Or, I have a PDF that contains global Javascript that I want to stop from interrupting my use of the PDF.

This is possible in a limited fashion with the use of iText / iTextSharp.
It will only work with Tj/TJ opcodes (i.e. standard text, not text embedded in images, or drawn with shapes).
You need to override the default PdfContentStreamProcessor to act on the page content streams, as presented by Mkl here Removing Watermark from PDF iTextSharp.
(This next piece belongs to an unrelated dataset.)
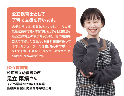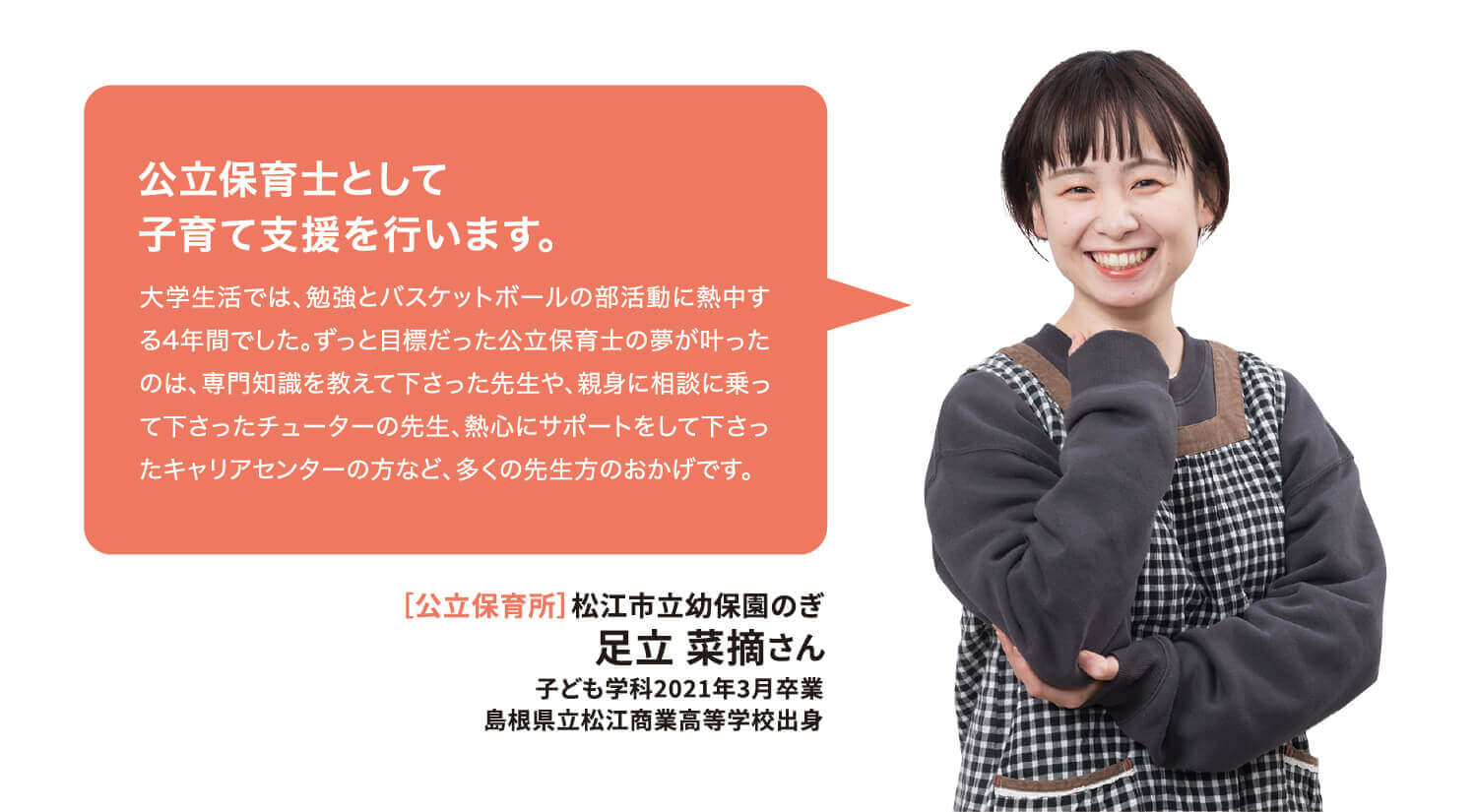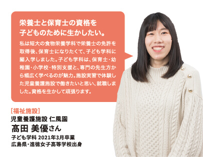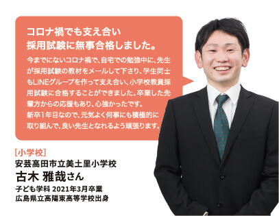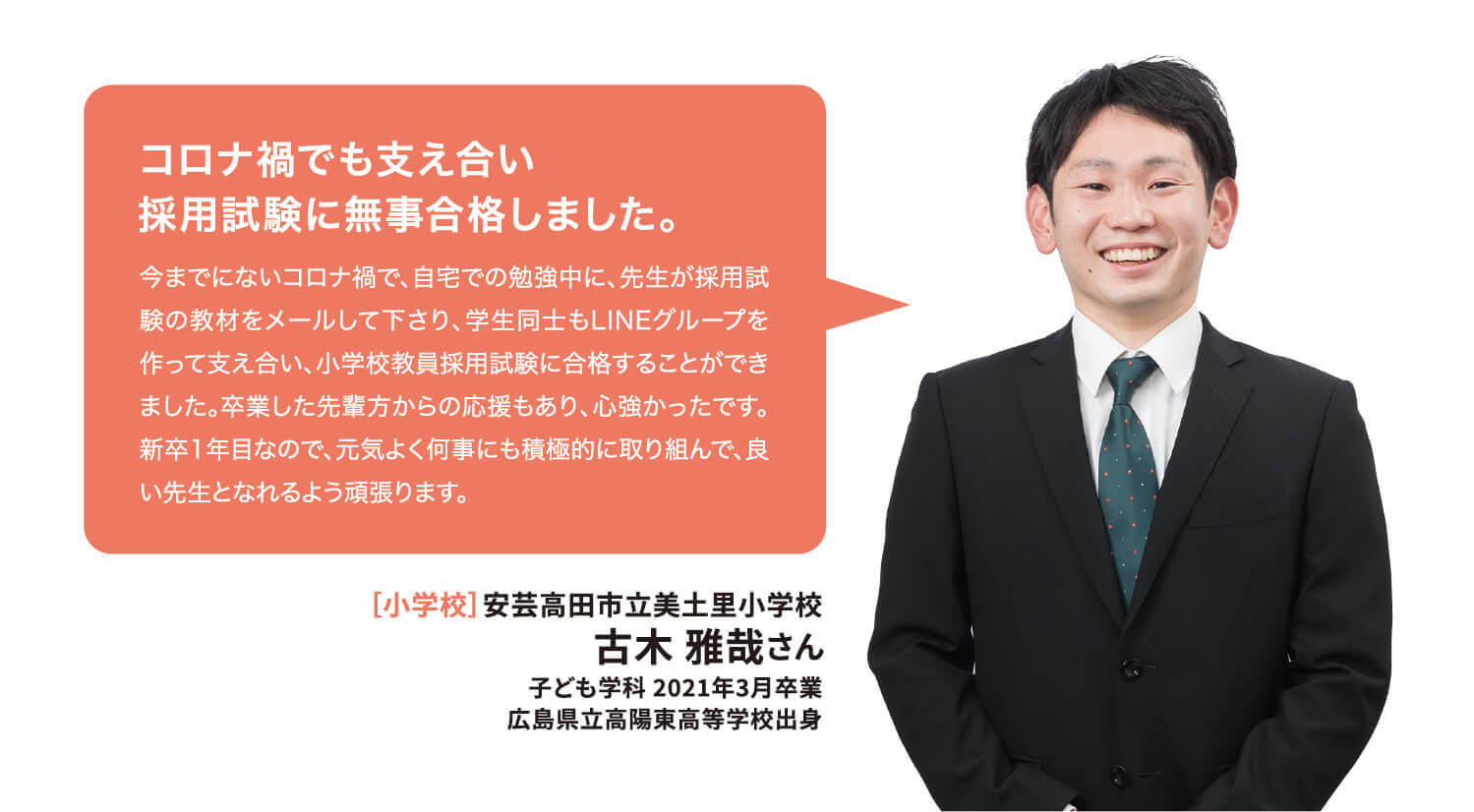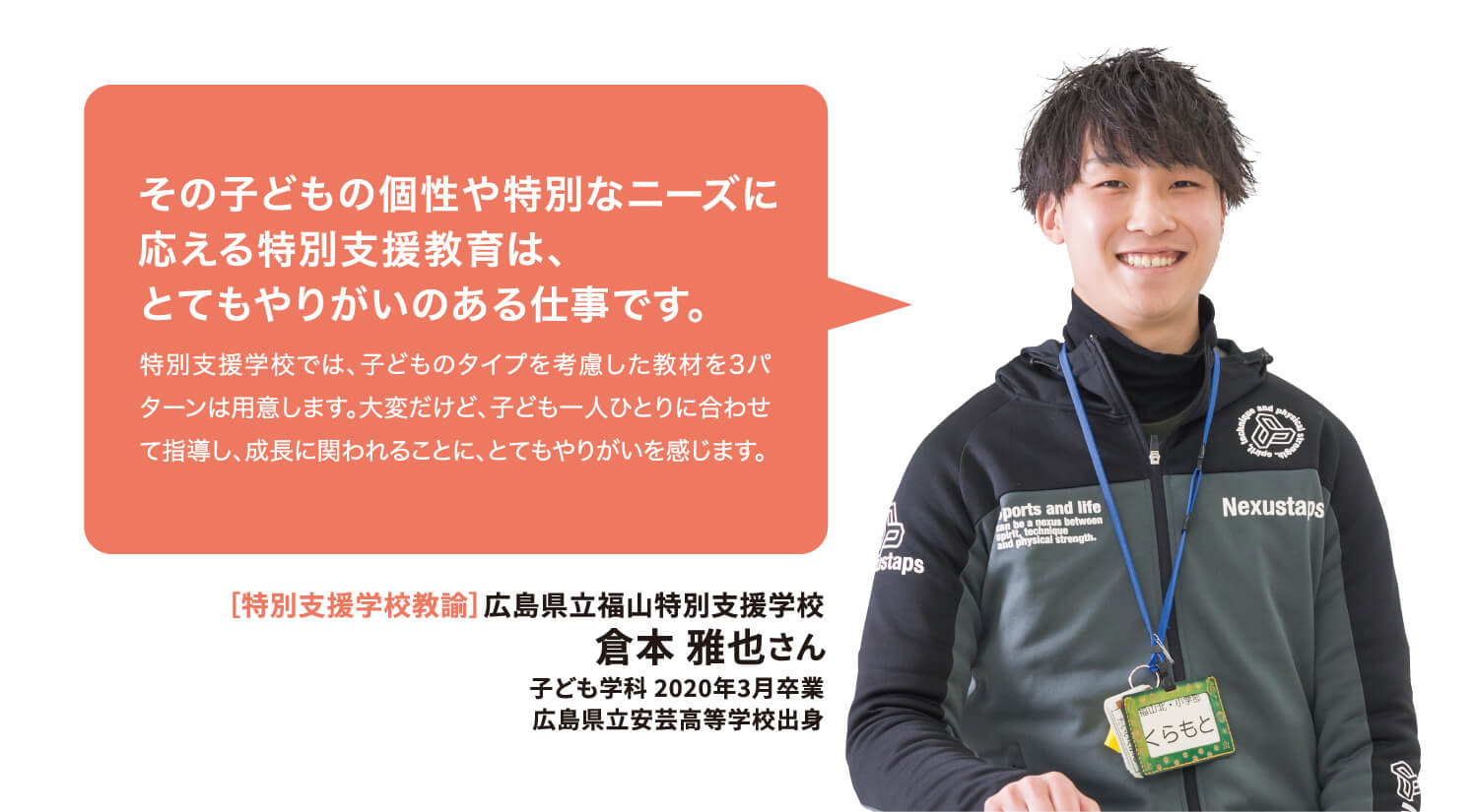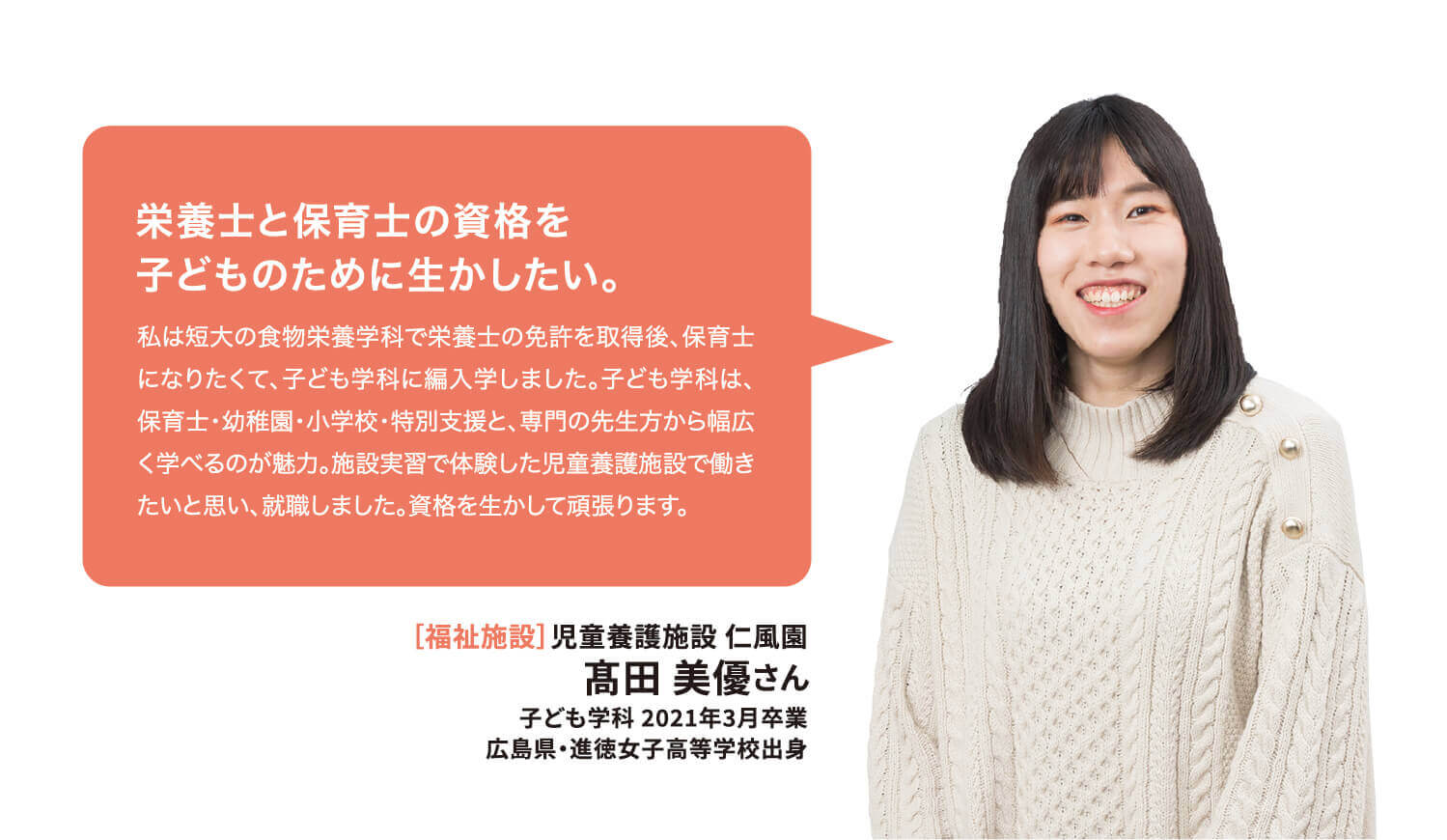 就職率 小学校・特別支援学校・幼稚園・保育所・認定こども園で多くの卒業生が活躍! 主な就職先一覧 (過去3年実績) 小学校 広島県・市公立小学校、出雲市公立小学校 認定こども園 こうわ認定こども園堀越、ロータスプリスクール西原、法輪学園アンカ子ども園、認定こども園月見幼稚園、認定仁方こども園、三原市公立認定こども園、認定こども園蓮生・まこと幼稚園、認定こども園サムエル広島子どもの園、認定こども園賀茂川、認定こども園めばえ幼稚舎、広島県同胞援護財団、認定こども園せいれんじ、広島光明学園、ひまわり福祉会 ひまわり認定こども園 幼稚園 祇園幼稚園、聖モニカ幼稚園、三次清心幼稚園、りゅうせん幼稚園 保育所 〈公立保育所〉三次市、松江市、広島市、岩国市、萩市、光市〈私立保育所〉青雲保育園、ほうりんフレンズ保育園、つきのひかり国際保育園、法輪学園、横路保育所、葵新生会、新生保育園、タスク・フォース、HOPPA、吉備のくに福祉会みどり保育園、あい福祉会あい保育園祇園、微妙福祉会、広島常光福祉会、なかよし保育園、佐東ひかり保育園、みつる保育園、千田保育園、かおる保育園、丸石子どもの家、りじょうKIDSたかや、ぽけっとランド、清心保育園、アイグラン、コネクタ、日本保育サービス、広島修道院、ナーガ保育園、旭が丘学園、こぐま保育園、東城有栖会 福祉 呉同済義会仁風園、八幡学園、さくら福祉会母子生活支援施設いもせハイツ、児童養護施設こぶしヶ丘学園、放課後等デイサービスライフ、春日野まごころ保育園、太田川学園、ライフアシスト、クオーレ、児童デイサービスすてーじ、香月産婦人科、光の園摂理の家 一般職 〈教育・福祉系企業〉ららぽーと千代田、西部教育事務所、イベントグループ、クラ・ゼミ、奏音、チモロ、アイグラン、アイドゥー 〈その他企業〉コシダカ、日本写真判定、大之木建設、P&Gプレステージ合同会社、COCOPLUS八丁堀店、広島綜合警備保障、しまなみ信用金庫、山口フィナンシャルグループ、広島トヨペット、ヤナセ、トヨタカローラ広島、マツダ、広島日産自動車、サコダ車輛、JA広島支部、全農広島鶏卵、明治安田生命保険、第一生命保険、タマホーム、シティホーム、エディオン、アートコーポレーション、中四国丸和ロジスティクス、アウトソーイングテクノロジー、エイジェック、ヒロホー、讃岐屋、MXモバイル、兼松コミュニケーションズ、ダックス、ウィゴー、ユナイテッドアローズ、アーバンリサーチ、池田ハルク、アークプロジェクト、サニクリーン中国、古川製作所、ロジコム 公務員 広島県警察 進学 広島文化学園大学大学院教育学研究科、学校法人川原学園東京動物専門学校 卒業生VOICE 広島文化学園大学で夢を叶え、社会で活躍する先輩にインタビューしました。

Inherit from this class, and in your new class look for the Tj/TJ opcodes, the operand(s) will generally be the text element(s) (for a TJ this may not be straightforward text, and may require further parsing of all the operands).
A pretty basic example of some of the flexibility around iTextSharp is available from this github repository https://github.com/bevanweiss/PdfEditor (code excerpts below also)
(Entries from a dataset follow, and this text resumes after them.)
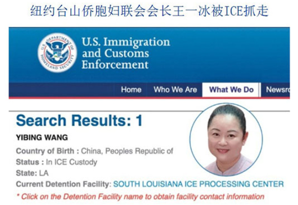dajiyuan:中秋前夕,布碌仑八大道侨界传出消息:台山侨胞妇女联合会会长王一冰被美国ICE逮捕,现被拘押于路易斯安那州。律师称案情混乱,正等待进一步消息。传王一冰涉假结婚,两年前还被FBI盘问与纽约中领馆的关系。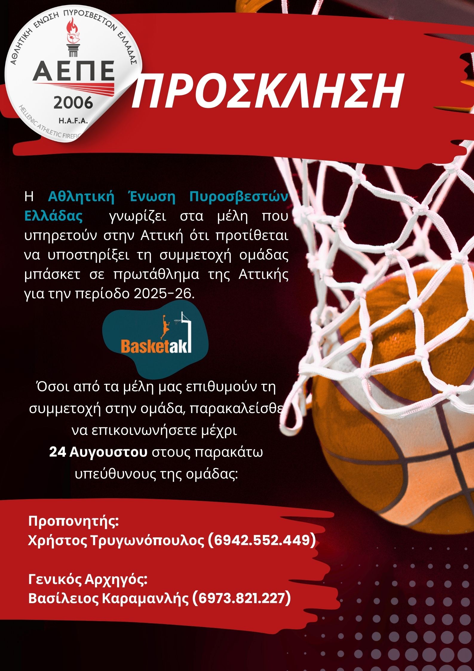 Ενημερώνουμε τα μέλη μας ότι κατά το διάστημα 20/03 – 08/04/2023 πρόκειται να διεξαχθεί το 1ο Κύπελλο Καλαθοσφαίρισης Αττικής σε συνεργασία με την «ΑΤΛΑΣ ΜΠΑΣΚΕΤ» η οποία θα αναλάβει την […]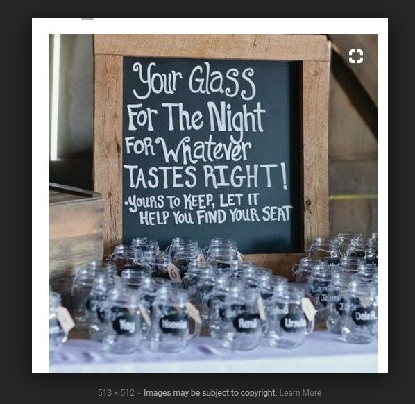 Has anyone ever done this or seen this at a wedding? How do you feel about it? I have to provide the cups for my bartender and really didn't want to do disposable plastic because it's so wasteful. Glass seating chart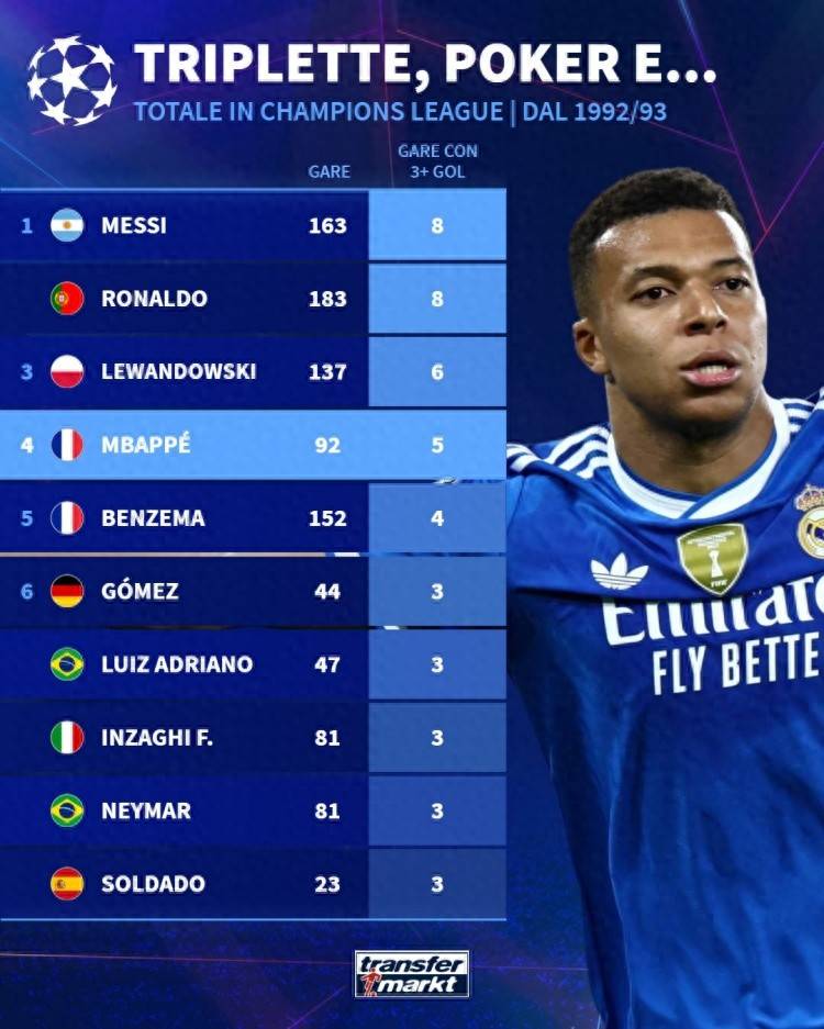 หลังจากการสิ้นสุดรอบที่ห้าของรอบแบ่งกลุ่มแชมเปียนส์ลีก Transfermarkt ได้รวบรวมรายชื่อผู้เล่นสิบอันดับแรกที่มีผลงานทำสามประตูหรือมากกว่าในนัดเดียวมากที่สุดนับตั้งแต่การแข่งขันถูกปรับโครงสร้างในฤดูกาล 1992-93 ลิโอเนล เมสซี่ และคริสเตียโน่ โรนัลโด้ ครองอันดับสูงสุดร่วมกันด้วยผลงานแปดครั้งเท่ากัน ขณะที่โรเบิร์ต เลวานดอฟสกี้อยู่ในอันดับสามด้วยหกครั้ง คีเลียน เอ็มบัปเป้ ซึ่งทำสี่ประตูในรอบนี้ อยู่ในอันดับสี่ด้วยผลงานห้าครั้ง

NOTE: This utilises the AGPL version of iTextSharp (and is hence also AGPL), so if you will be distributing executables derived from this code or allowing others to interact with those executables in any way then you must also provide your modified source code. There is also no warranty, implied or expressed, related to this code. Use at your own peril.
PdfContentStreamEditor
using System.Collections.Generic;
using iTextSharp.text.pdf;
using iTextSharp.text.pdf.parser;
namespace PDFCleaner
{
public class PdfContentStreamEditor : PdfContentStreamProcessor
{
/**
* This method edits the immediate contents of a page, i.e. its content stream.
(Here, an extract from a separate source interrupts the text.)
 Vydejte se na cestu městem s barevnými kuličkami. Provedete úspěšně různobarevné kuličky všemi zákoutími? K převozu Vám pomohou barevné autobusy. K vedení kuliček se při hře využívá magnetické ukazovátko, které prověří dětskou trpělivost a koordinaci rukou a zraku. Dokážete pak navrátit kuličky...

* It explicitly does not descent into form xobjects, patterns, or annotations.
*/
public void EditPage(PdfStamper pdfStamper, int pageNum)
{
var pdfReader = pdfStamper.Reader;
var page = pdfReader.GetPageN(pageNum);
var pageContentInput = ContentByteUtils.GetContentBytesForPage(pdfReader, pageNum);
page.Remove(PdfName.CONTENTS);
EditContent(pageContentInput, page.GetAsDict(PdfName.RESOURCES), pdfStamper.GetUnderContent(pageNum));
}
/**
* This method processes the content bytes and outputs to the given canvas.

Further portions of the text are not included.